The two women said they couldn’t use the running water in the mission compound to even wash their teeth.  They had to use bottled water. 

“Something as small as that we take for granted.”

Sarah said the looks on the little ones’ faces they would never forget.  They would smile and wave as they drove by on the back of a flat bed truck they used to commute the 35 miles from the mission compound to Port-au-Prince.

It was on that truck they used small school-sized chairs for seats – chairs that were mounted on the bed and of course had no seat belts.  They would often pick up Haitians on the roadside to give them a ride into the market.  The team members said they had a lot of fun on those long, rugged commutes.  They often fell off those chairs when the driver hit the brakes unexpectedly.  Others sat on the bed of the truck or on ice chests.

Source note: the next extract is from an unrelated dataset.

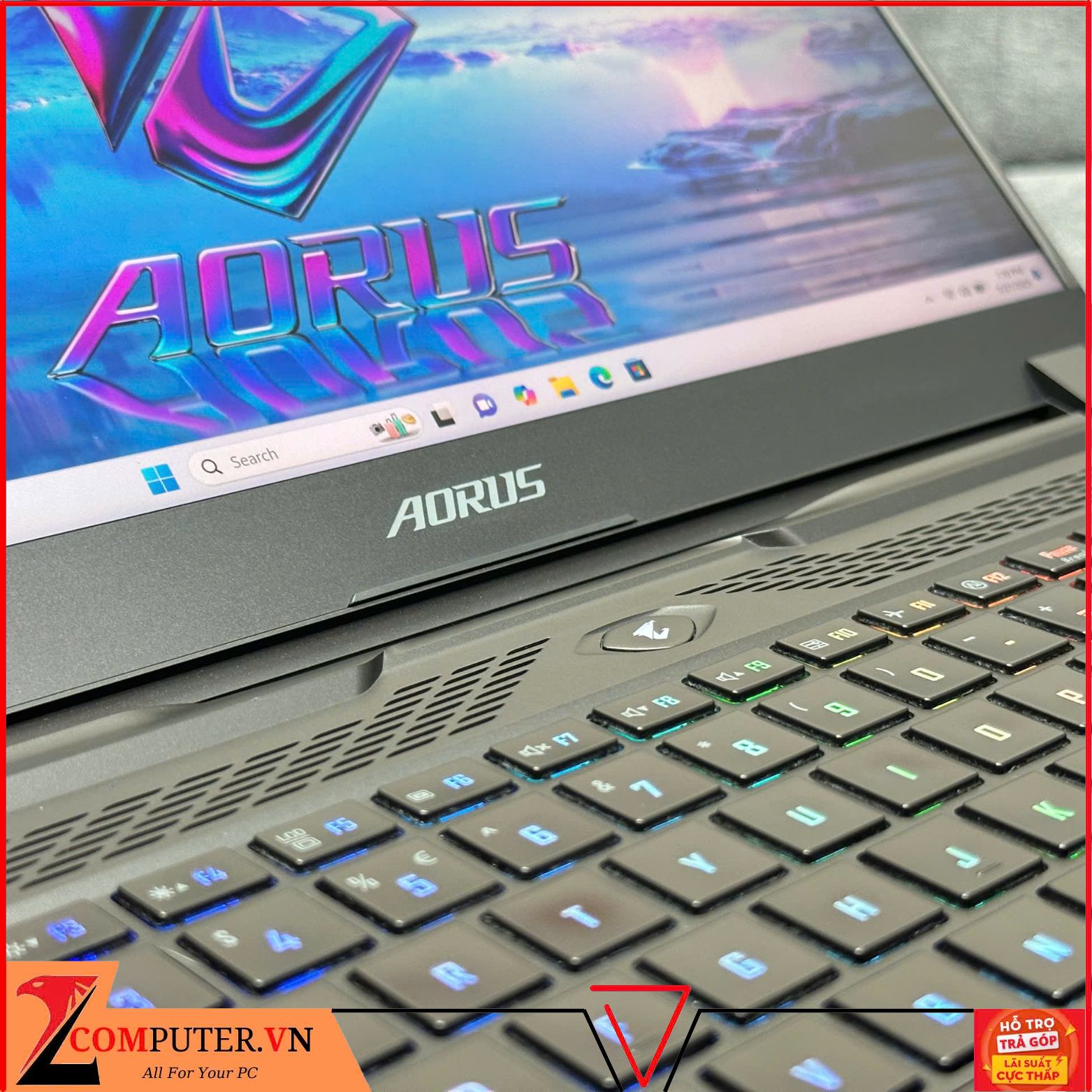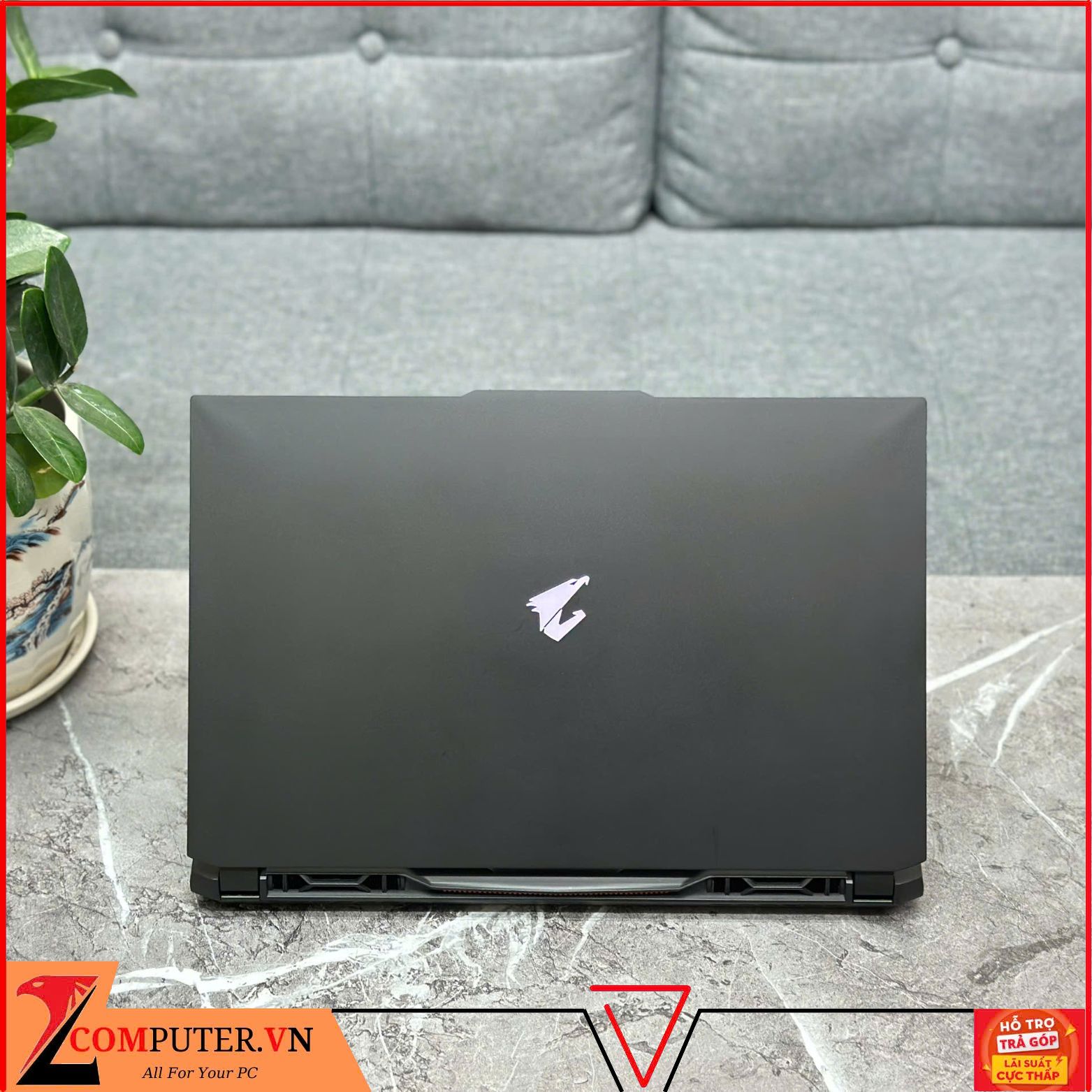 Mặt A được thiết kế bóng bẩy, mượt mà với lớp sơn đen mịn không bám bụi, ở giữa là logo của AORUS được trang bị đèn LED trắng đậm chất của một chiếc máy gaming.

They said the amount of destruction they witnessed was overwhelming not being able to imagine how it would be cleaned up.  The news doesn’t even begin to show the devastation accurately, Sarah said. There were the one-armed children knocking on your windows for food or for money that devastated their hearts and getting their warm prayers in return.

“Until you get there and see it at face value, the smells and the trash – compared to what you see in the paper and on TV – you can’t imagine,” Sarah said.

Dr. Kent Hufford has set up a connection with the mission that will see any local donations going directly to the impoverished people on the streets in the form of food through the International Faith Mission.  Donations may be made through his Ripon medical office, 150 Vera Avenue, Ripon, CA, 95366.